Hayes also helped integrate the Carbondale school system.
“I lived on Jackson Street as a little girl and Attucks School, which was the public school at the time, was right down the street,” Lewin said. “There was a movement to integrate [Attucks], the high school and then the elementary schools, and Mrs. Hayes, along with my dad and others, were pretty active in trying to make that a relatively smooth and safe transition for the children of the northeast side.”
The Eurma C. Hayes Center was eventually named in her honor due to her work in the Model Cities Program which eventually led Hayes to meet with then-President Richard Nixon in Washington, DC, according to History Makers interview with her son William Hayes.
“She had been so vocal on deterioration of the northeast side of town, and had created some noise in the town,” William said. “Nixon was calling representatives to the White House and she was there for a meeting with him.”
Throughout the civil rights movement most women didn’t hold public facing positions like Hayes, but Lewin said the work of the movement wouldn’t have been possible without the work of women, like Lewin’s mother, in support roles.
“There were four little girls that she had to keep track of so I am sure she could have been far more active, but we kept her busy enough keeping track of us,” Lewin said. “She was a member of the missionary and she helped out and led whenever she could.”
Joyce Hayes began attending Bethel, where she met her late husband Richard Hayes who is Eurma’s son, soon after moving to Carbondale for college.
Joyce said she also had a role of support during the civil rights era.
“My husband was really involved in [the civil rights movement], and I had the children at home,” Joyce said. “I know I supported him and everything that he did, and that gave him an opportunity to go out and do what needed to be done.”
Joyce would later help Richard and Rev. Rick Jackson found the Feed My Sheep program where she still volunteers.
“When it first started I would actually be there to help in the kitchen with the cooking and setting up the dining room or some dishes cleaning up afterwards,” Joyce said. “[Later] we started delivering to homebound people, and in the last few years that’s what I’ve been doing.”
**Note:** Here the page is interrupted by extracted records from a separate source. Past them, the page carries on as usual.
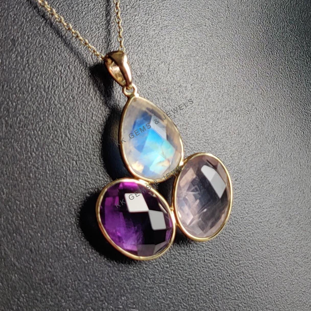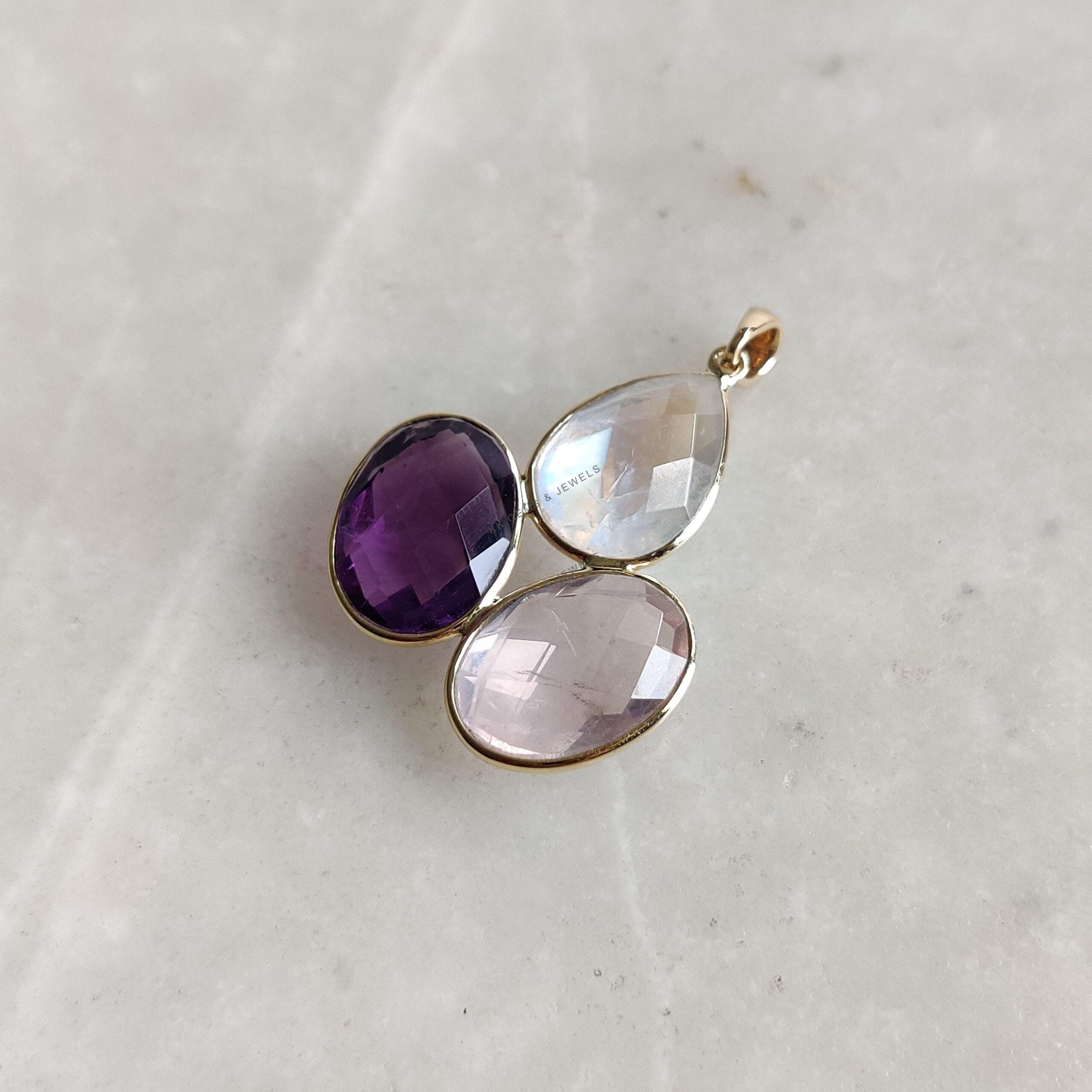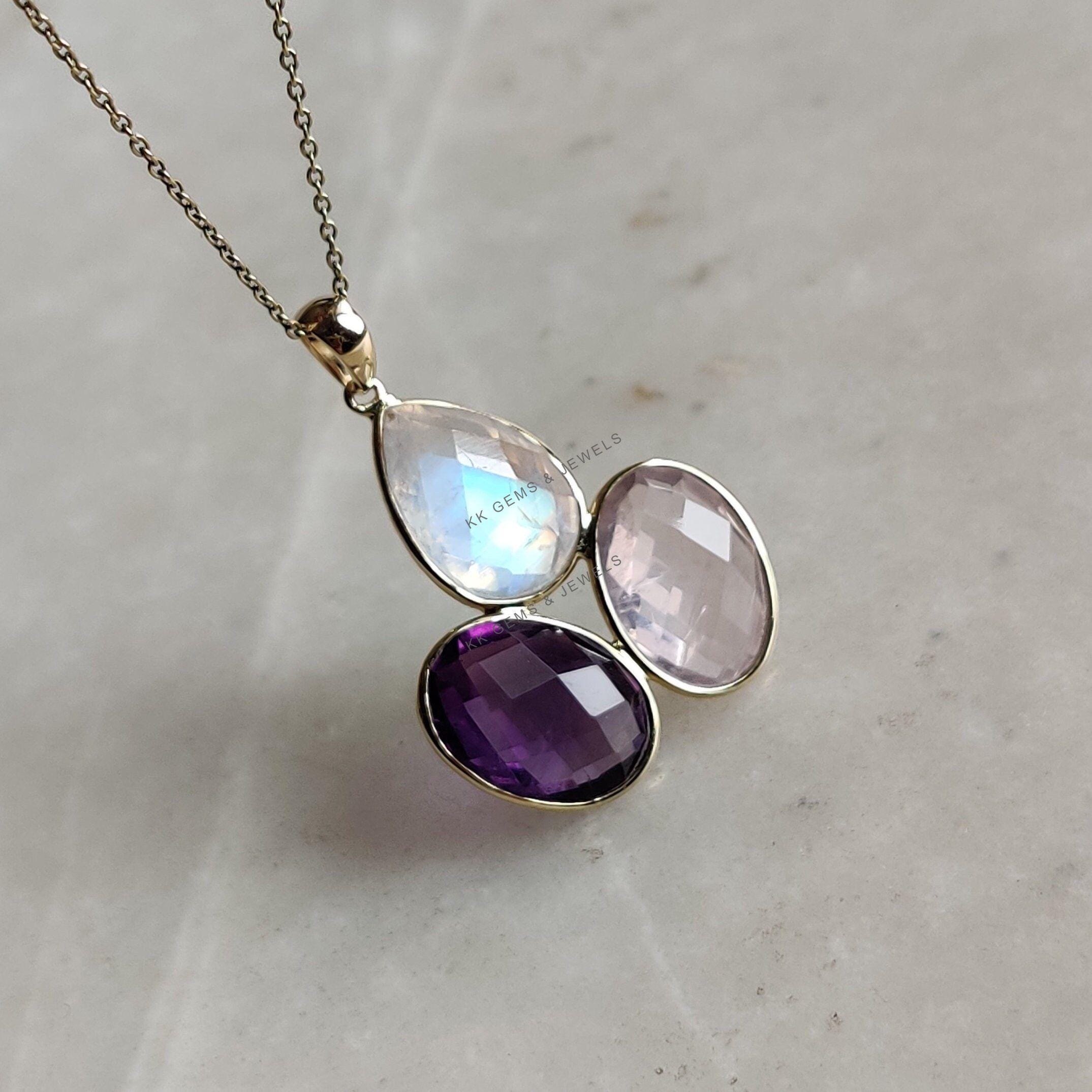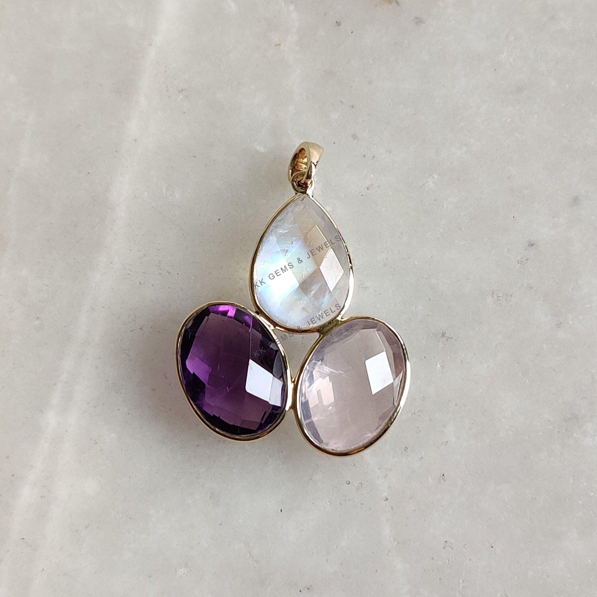 This stunning pendant is set in 14k Solid Yellow Gold with Natural Purple Amethyst Rose Quartz and Rainbow Moonstone having a beautiful blue sheen. It is an unique gemstone pendant for nearly every occasion and is completely hassle-free jewelry. ✓…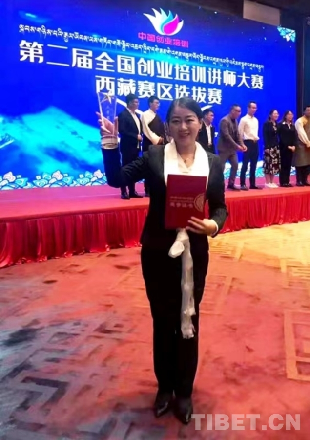 图为付燕在第二届全国创业培训讲师大赛西藏赛区选拔赛中获奖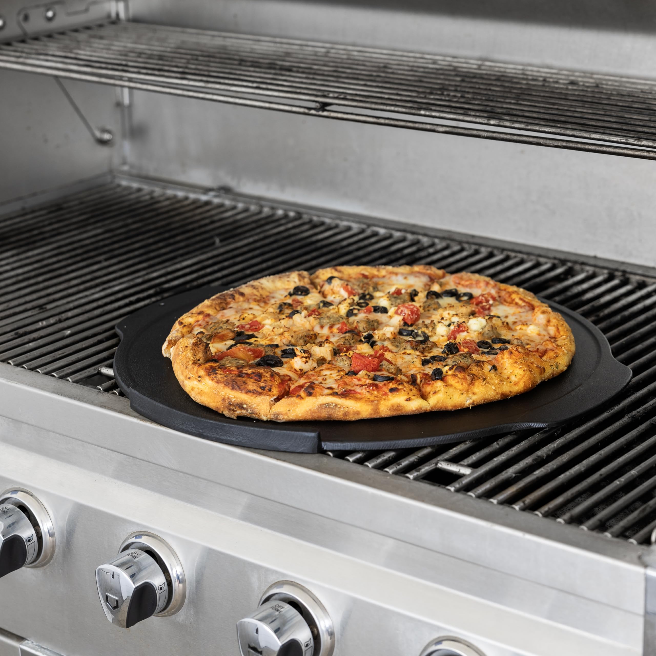 Outset Cast Iron Grill Pizza Pan, 18" Pizza Stone For Oven and Grill—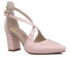 Różowe czółenka na słupku Kotyl 891 róż perła skórzne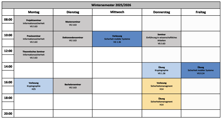 | Sicherheit mobiler Systeme | WiSe | DE | 2V+2Ü | 6 | → (externer Link, öffnet neues Fenster) | → (externer Link, öffnet neues Fenster) |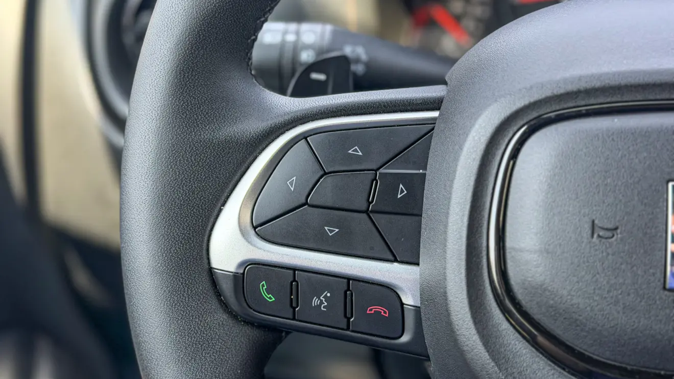 Em termos de ergonomia, com meus 1,88 m, precisei recuar totalmente o banco, que não tem ajuste de altura, enquanto o volante regula apenas em altura, sem profundidade. A posição de dirigir é bem parecida à de um SUV, com boa visibilidade, mas a ergonomia poderia ser melhor.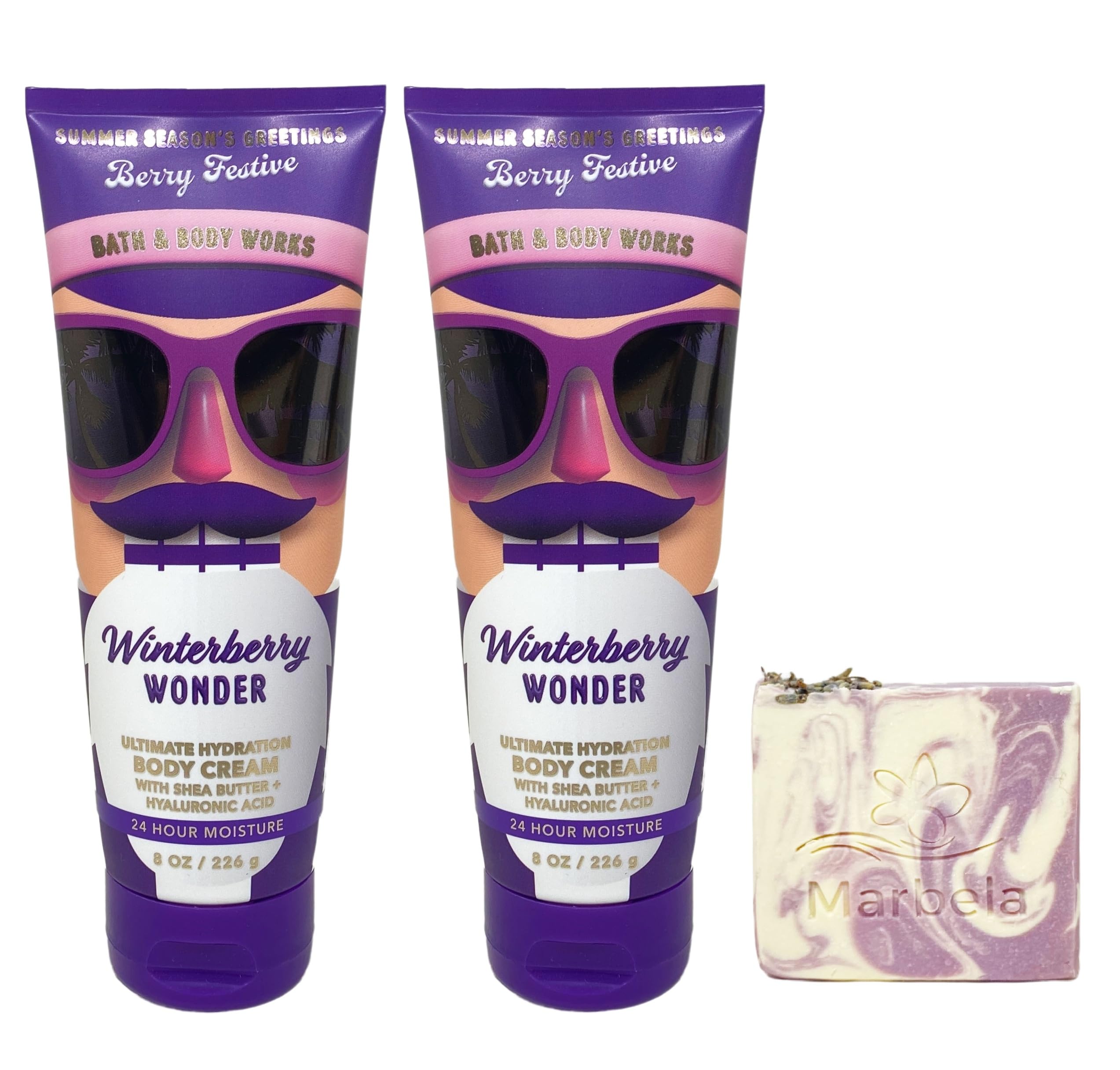 Bath Body Works Winterberry Wonder 2 Pack Body Cream Bundle with a 4 oz Marbela Lavender Dream Bar Soap (Ingredients: Saponified Oils of: Olive Oil, Organic Virgin Coconut Oil, Cocoa Butter, Shea Butter, Castor Oil, Sweet Almond Oil, Dried Lavender, Fragrance, Vitamin E, Kaolin Clay, Sodium Lactate, Mica Essential oils of Cedarwood Atlas, Lavender, and Orange).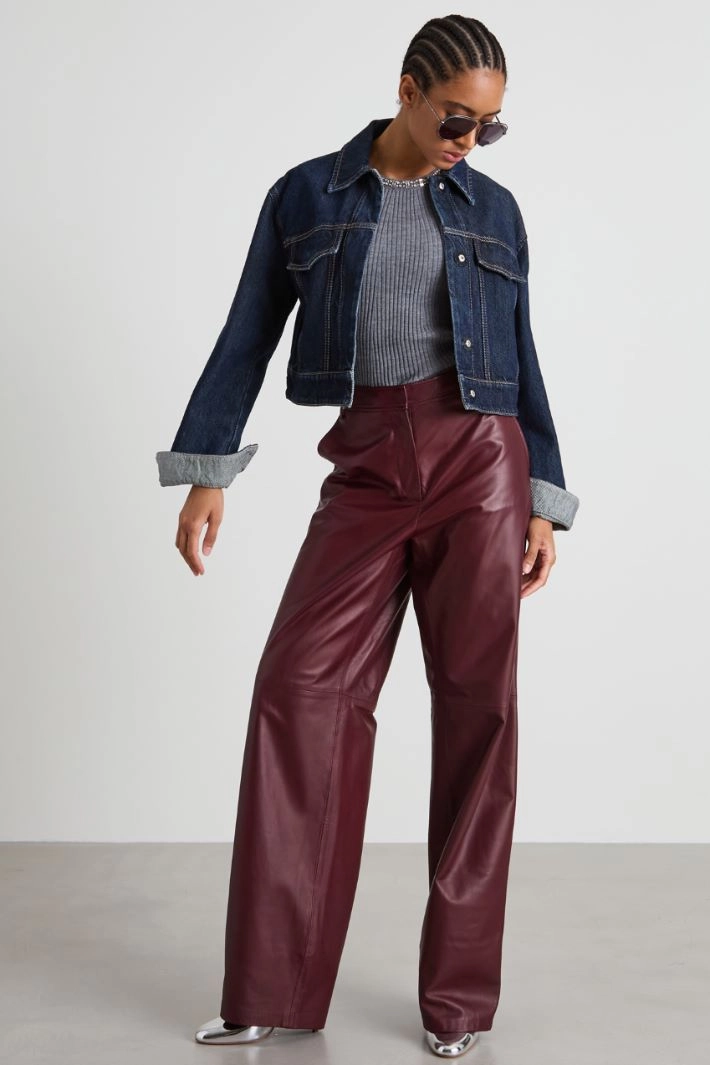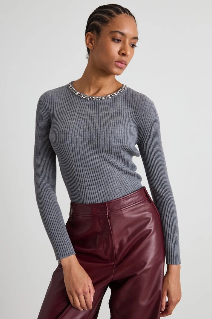 Fitted sweater in pure ribbed wool yarn, with a crew neckline finished with embroidered stones and long sleeves.

Feed My Sheep partners with multiple other churches that contribute money and volunteers throughout the year, and since starting in 2002 has contributed tens of thousands of volunteer hours and hundreds of thousands of meals.
“I really have a lot of admiration for Dolores as the coordinator of the director of the Feed My Sheep Program that actually, you know, it’s hands on and serving people,” Lewin said.
Since the beginning of the COVID-19 pandemic normal church operations have been in flux.
Gatherings were largely moved online, and fewer volunteers were available or able to safely work in the space.
Despite the difficulties Bethel was, among other things, still able to do a clothing drive, a bagged lunch program for school kids, and help Women for Change during their summer program Penn said.